我正在使用libxml2来解析HTML。 HTML可能如下所示:
<div>
Some very very long text here.
</div>
我想插入一个子节点,例如在文本之前的标题,如下所示:
<div>
<h3>
Some header here
</h3>
Some very very long text here.
</div>
不幸的是,libxml2总是在文本后添加我的标题,如下所示:
<div>
Some very very long text here.
<h3>
Some header here
</h3>
</div>
我该如何解决这个问题?
答案 0 :(得分:2)
文本内容是子节点,因此您可以获取指向文本节点的指针,并使用xmlAddPrevSibling函数添加元素。这是一个示例,但没有错误处理或正确清理。
xmlInitParser();
// Create an XML document
std::string content( "<html><head/><body><div>Some long text here</div></body></html>" );
xmlDocPtr doc = xmlReadMemory( content.c_str(), content.size(), "noname.xml", 0, 0 );
// Query the XML document with XPATH, we could use the XPATH text() function
// to get the text node directly but for the sake of the example we'll get the
// parent 'div' node and iterate its child nodes instead.
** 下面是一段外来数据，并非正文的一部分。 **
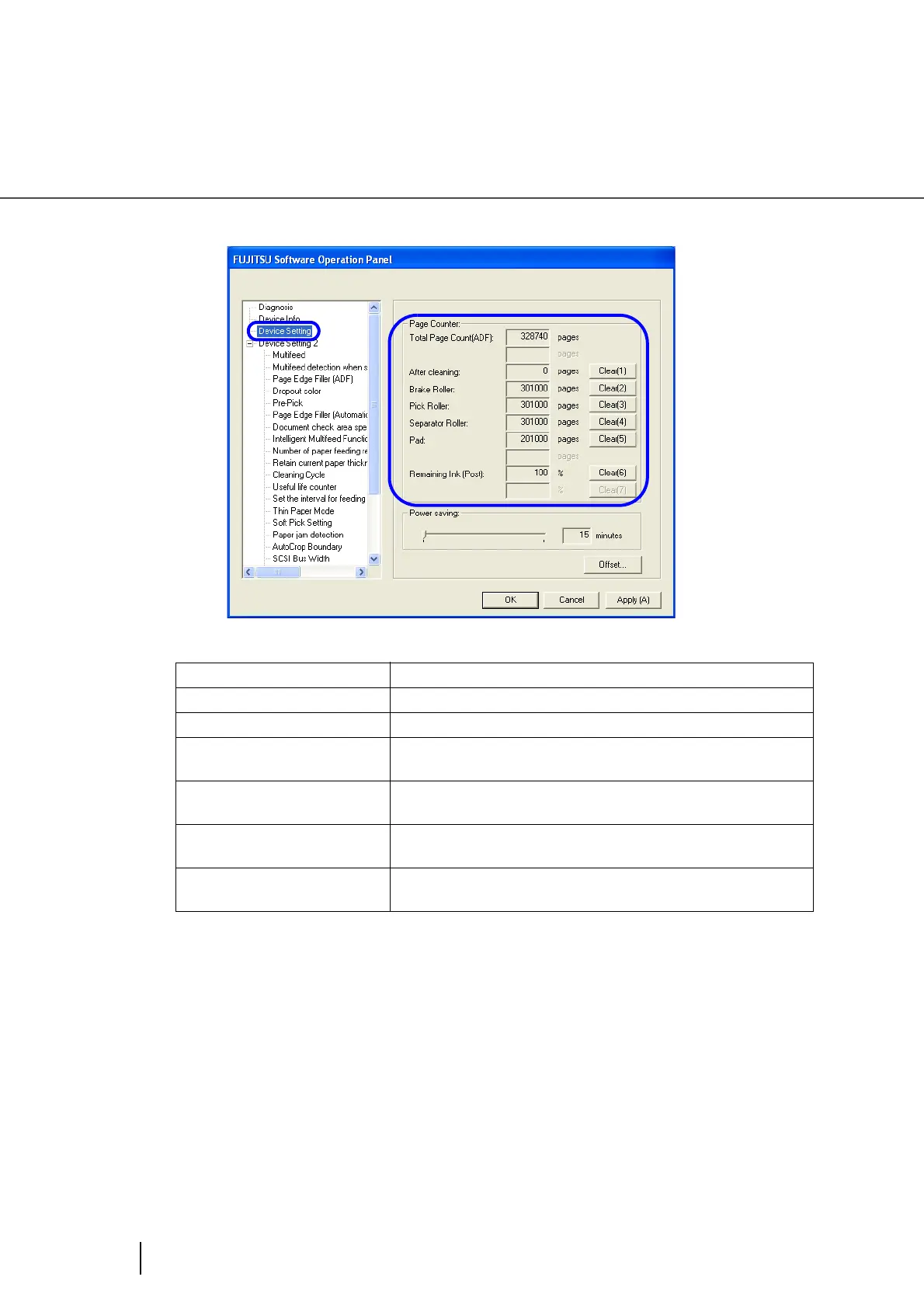 Separator Roller: The number of sheets, scanned since last exchange of the Separa-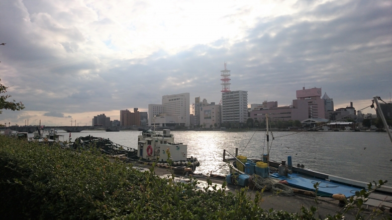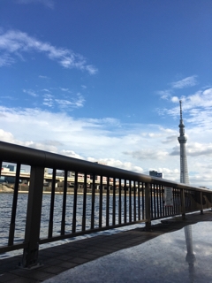 秋分の日は快晴。日向は暑いくらいです。 痛かった足の具合がかなり良くなって、走ってお出かけすることにしました。 隅田川へ連れて行ってもらったよ(^^♪ すこ〜し気持ちの良い風も吹いて、秋のにおいがした。 どの風景もお空が広くて大きな声を出したくなるよう。 いつかお花見をした汐入公園。 --お花見時期の汐入公園のヨウコウ桜-- ヨウコウ桜の花は密集してボールのようにモコモコとかわいい感じだったんだけど、 今は葉っぱがわんさか。 ヨウコウ桜の葉っぱが青々として、青空...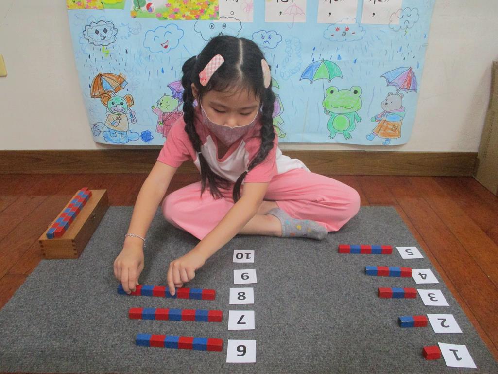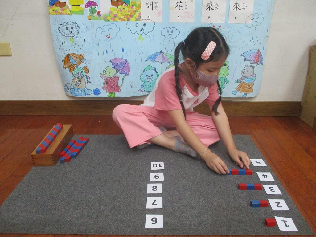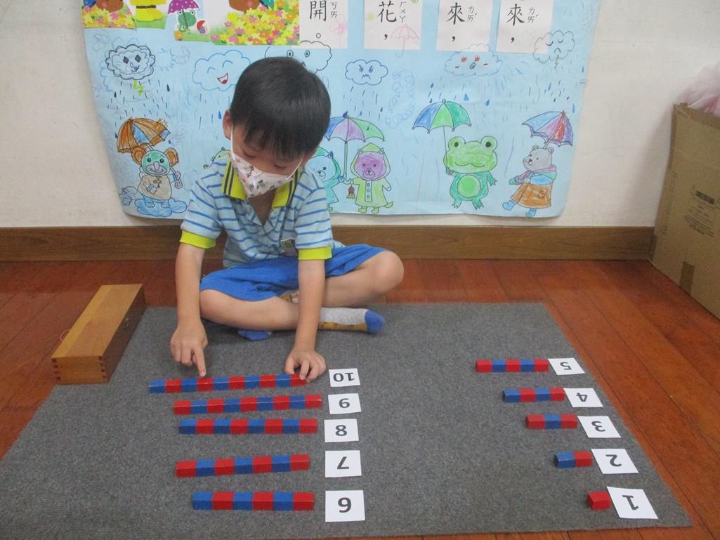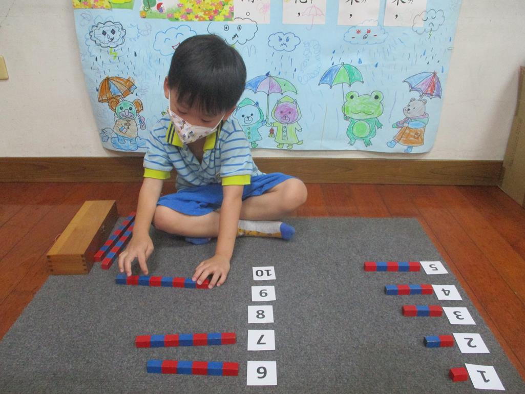 相簿名稱: 茉莉班-蒙特梭利教學(數學教育-數棒+1~10字卡)
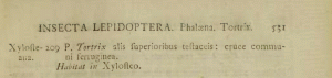 - Phalaena (Tortrix) xylosteana Linnaeus, 1758 [Originalkombination]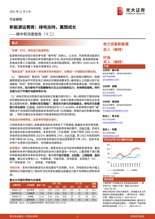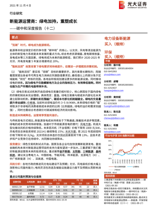 【光大证券】【20211104】电力设备新能源、环保行业碳中和深度报告(十二):新能源运营商,绿电加持,重塑成长-35页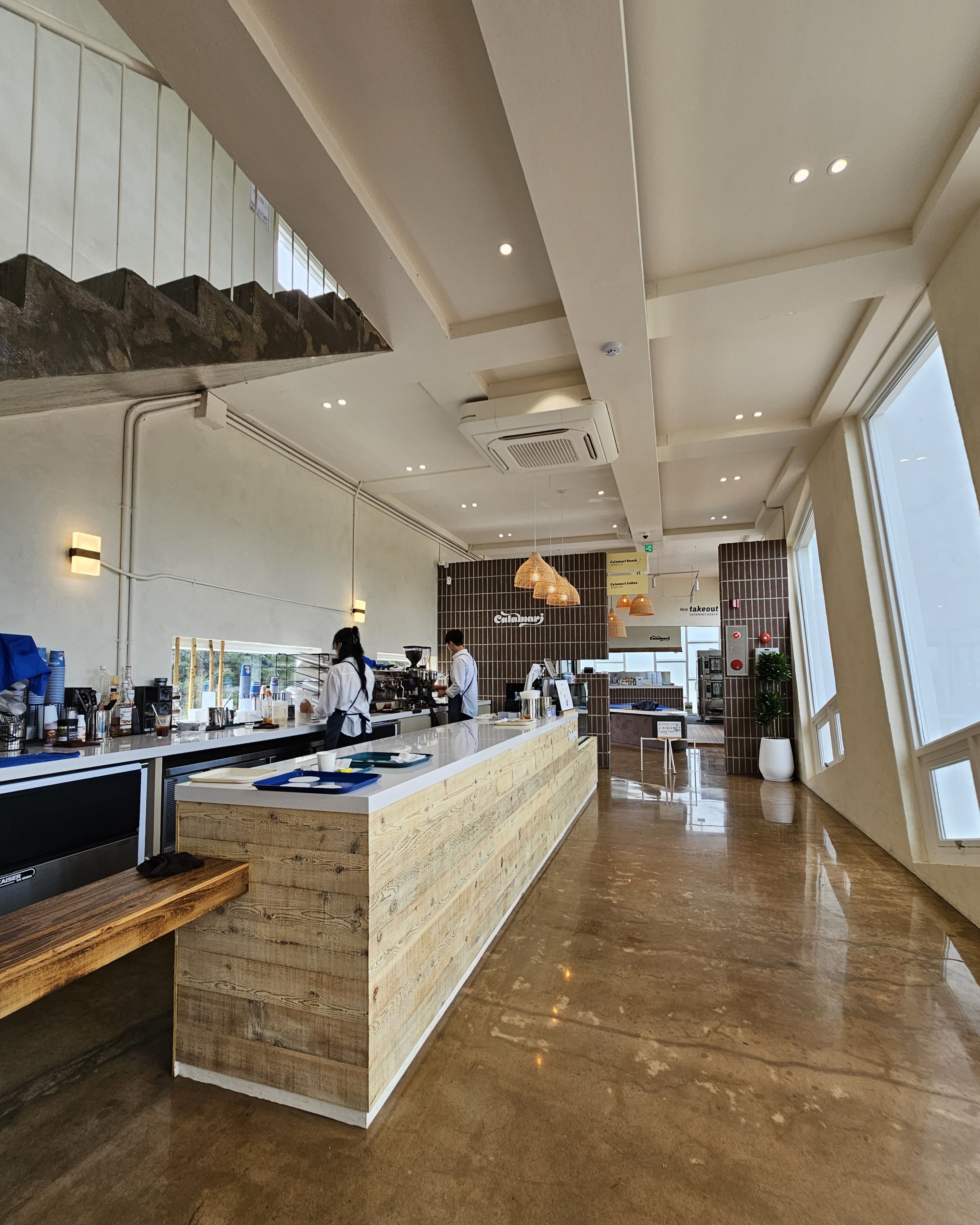 사천면 바다를 마주하고 있는 바다 앞의 흰색건물, 마치 '바다 위 험한 파도와 바람에 흔들리는 듯한 오징어 배' 모습을 하고 있는 이국적인 건물, 카페 '깔라마리'가 저의 첫인상입니다. 처음 봤을 때 심하게 기울어져 있어서, 저 건물 괜찮은 건가 싶을 정도... 하지만 건물만 비스듬하게 기울어진 콘셉트일 뿐, 카페 분위기, 내부 컬러 디자인, 시그니쳐 라테맛 모두 최고였습니다. 아래의 맨 왼쪽 사진은 넓은 주차장으로 들어와 주차 후, 찍은 건물 사진입니다. 옆에서 본 흰색건물 윗부분에 파란색의 Calamari 글씨가 보이네요. 카페 앞, 바다가 보이는 방향으로 편하게 쉴 수 있는 커다란 쿠션과 테이블도 있고, 깨끗한 흰색과 나무로 이루어진 카페 내부, 은은한 조명과 어우러진 커피 향, 카페라기보다는 휴양지에 놀러 온 느낌이 강하게 느껴지는 곳, 단순하게 커피만 즐기고 가기에는 너무 많은 포토 스폿, 약간 휴양지 같은 느낌의 카페였습니다.

std::string xpathExpr( "/html/body/div" );
xmlXPathContextPtr xpathCtx = xmlXPathNewContext( doc );
xmlXPathObjectPtr xpathObj = xmlXPathEvalExpression( BAD_CAST xpathExpr.c_str(), xpathCtx );
// Get the div node
xmlNodeSetPtr nodes = xpathObj->nodesetval;
xmlNodePtr divNode = nodes->nodeTab[ 0 ];
// Iterate the div child nodes, though in this example we know
// there'll only be one node, the text node.
xmlNodePtr divChildNode = divNode->xmlChildrenNode;
while( divChildNode != 0 )
{
if( xmlNodeIsText( divChildNode ) )
{
// Create a new element with text node
xmlNodePtr headingNode = xmlNewNode( 0, BAD_CAST "h3" );
xmlNodePtr headingChildNode = xmlNewText( BAD_CAST "Some heading here" );
xmlAddChild( headingNode, headingChildNode );
// Add the new element to the existing tree before the text content
xmlAddPrevSibling( divChildNode, headingNode );
break;
}
divChildNode = divChildNode->next;
}
// Display the result
xmlDocDump( stdout, doc );
xmlCleanupParser();